VW family SUV’s amazing new tech

It's not cheap

At more than $50,000 on the road, the R-Line is no bargain basement SUV. It is fully loaded, though, and represents good value compared with the Comfortline Tiguan model it's based on. For roughly $4000 more, you get bigger 19-inch wheels, two-tone seats with R-line embossing and driver assistance tech including adaptive cruise control, blind spot warning and rear traffic alert. If you added all the extras to a standard Comfortline, you'd pay more.

The safety tech is clever

Most car makers offer some form of lane keeping assistance and active cruise control to keep you in your lane at a safe distance from the car in front, but the Tiguan's driver assist features work better than most.
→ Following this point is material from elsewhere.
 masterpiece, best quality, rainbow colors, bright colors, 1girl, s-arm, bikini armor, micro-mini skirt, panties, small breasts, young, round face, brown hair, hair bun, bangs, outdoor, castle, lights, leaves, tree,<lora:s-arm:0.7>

The steering inputs are smooth and gradual and it's better than most at picking up centre lines and the edge of the road. The emergency assist feature can detect a lack of driving inputs and intervene to wake a drowsy driver. After a certain period of no inputs, it will beep loudly, then it will give a forceful tap on the brakes and tug on the seatbelt. If there's still no response it will activate the hazard lights and gradually bring the car to a standstill. Tech that works!

A comprehensive suite of active safety tech amkes the Tiguan an great family car.
A comprehensive suite of active safety tech amkes the Tiguan an great family car.
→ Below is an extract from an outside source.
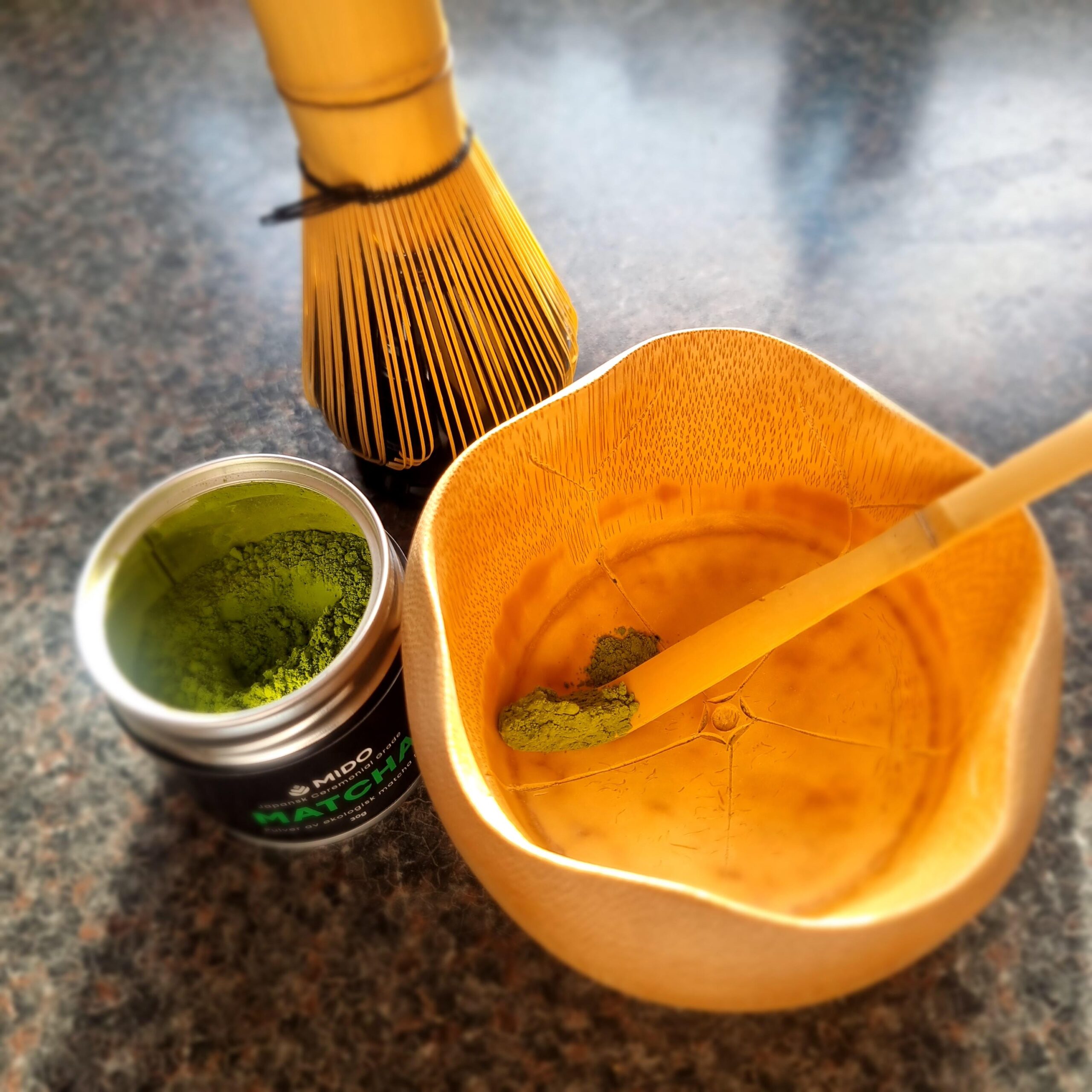 ✔ Bambusskje (Chashaku) – Gjør det enkelt å måle opp riktig mengde matcha.

The cabin's family friendly

The Tiguan may not look that sleek and stylish from the outside, but the tall, wide stance delivers plenty of knee, elbow and shoulder space inside. The seats are well padded and supportive, there's individual climate control and vents for rear passengers and the airline-style fold-down tray tables are ideal for resting an iPad or colouring in book. The door pockets are generous too, with big bottle holders. Twenty-first century teens are well catered for with two USBs up front and one in the back, complemented by another three 12-volt plugs. The second row of seats can easily be flipped down via levers on each side of a generous load area. A space saver under the floor is par for the course but not ideal.

The Tiguan’s interior is a polished product.
The Tiguan’s interior is a polished product.

Diesel's not an option

Volkswagen has ditched diesel from most of its line-up. You won't miss it too much in the Tiguan, as the 132TSI turbo four-cylinder has more than enough oomph for family duties. It's smooth and willing and matched to the quick-shifting dual-clutch auto (with shift paddles on the steering wheel) it feels pretty sporty. Claimed fuel consumption is 7.5 litres per 100km and we managed low eights in a mix of urban and highway driving. The only drawback is it uses premium unleaded - and diesel is cheaper than petrol at the moment.

Welcome to the digital age

The Volkswagen group was one of the first to do away with analog dials and needles in front of the driver, replacing them with a high-resolution digital screen that can be configured to show navigation, song selections and the usual stuff such as speed and fuel consumption. It debuted on high-end Audis but soon trickled down to Volkswagens. Passengers will be suitably impressed.